I'm experiencing the same error running a combination of spamassassin and pyzor. I turned on debug logging for spamd (-D option) to get a little more information.

The issue appears to be that pyzor is running as "nobody" (which is a good thing, imo) and it is trying to create a .pyzor configuration file in a directory that doesn't exist.

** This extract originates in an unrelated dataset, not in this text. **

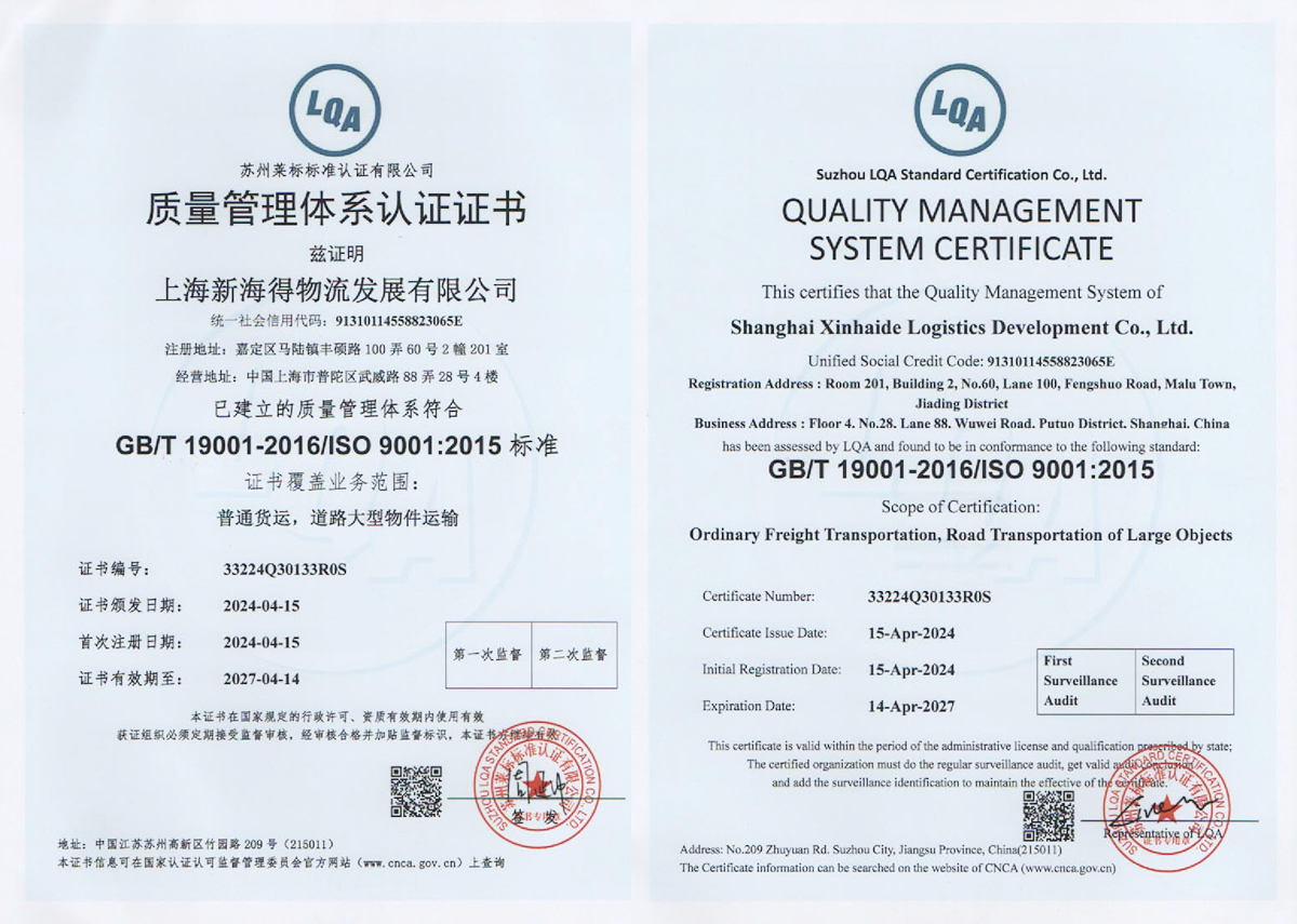 新海得物流嚴(yán)格按現(xiàn)代物流操作流程進(jìn)行標(biāo)準(zhǔn)化運(yùn)作。已通過(guò)國(guó)際質(zhì)量管理體系ISO9001:2015體系認(rèn)證。運(yùn)用健全的客戶服務(wù)管理系統(tǒng)、車(chē)輛管理系統(tǒng),財(cái)務(wù)管理系統(tǒng)。在查詢(xún)、監(jiān)控、追蹤、結(jié)算等方面與客戶做到無(wú)縫對(duì)接,打造了專(zhuān)業(yè)高效的客戶服務(wù)體系。

Nov 25 21:21:35 server spamd[26523]: pyzor: failure to parse response "Traceback (most recent call last):" Nov 25 21:21:35 server spamd[26523]: pyzor: failure to parse response " File "/usr/bin/pyzor", line 408, in <module>" Nov 25 21:21:35 server spamd[26523]: pyzor: failure to parse response " main()" Nov 25 21:21:35 server spamd[26523]: pyzor: failure to parse response " File "/usr/bin/pyzor", line 131, in main" Nov 25 21:21:35 server spamd[26523]: pyzor: failure to parse response " config, options, args = load_configuration()" Nov 25 21:21:35 server spamd[26523]: pyzor: failure to parse response " File "/usr/bin/pyzor", line 107, in load_configuration" Nov 25 21:21:35 server spamd[26523]: pyzor: failure to parse response " os.mkdir(options.homedir)" Nov 25 21:21:35 server spamd[26523]: pyzor: failure to parse response "FileNotFoundError: [Errno 2] No such file or directory: '/nonexistent/.pyzor'"

The user nobody has /nonexistent/ as its home directory.

I haven't yet found a way to specify the --homedir parameter in spamassassin configuration, which could potentially work around this problem. Still, it would be good if the default pyzor behavior wouldn't make it fail when running as nobody.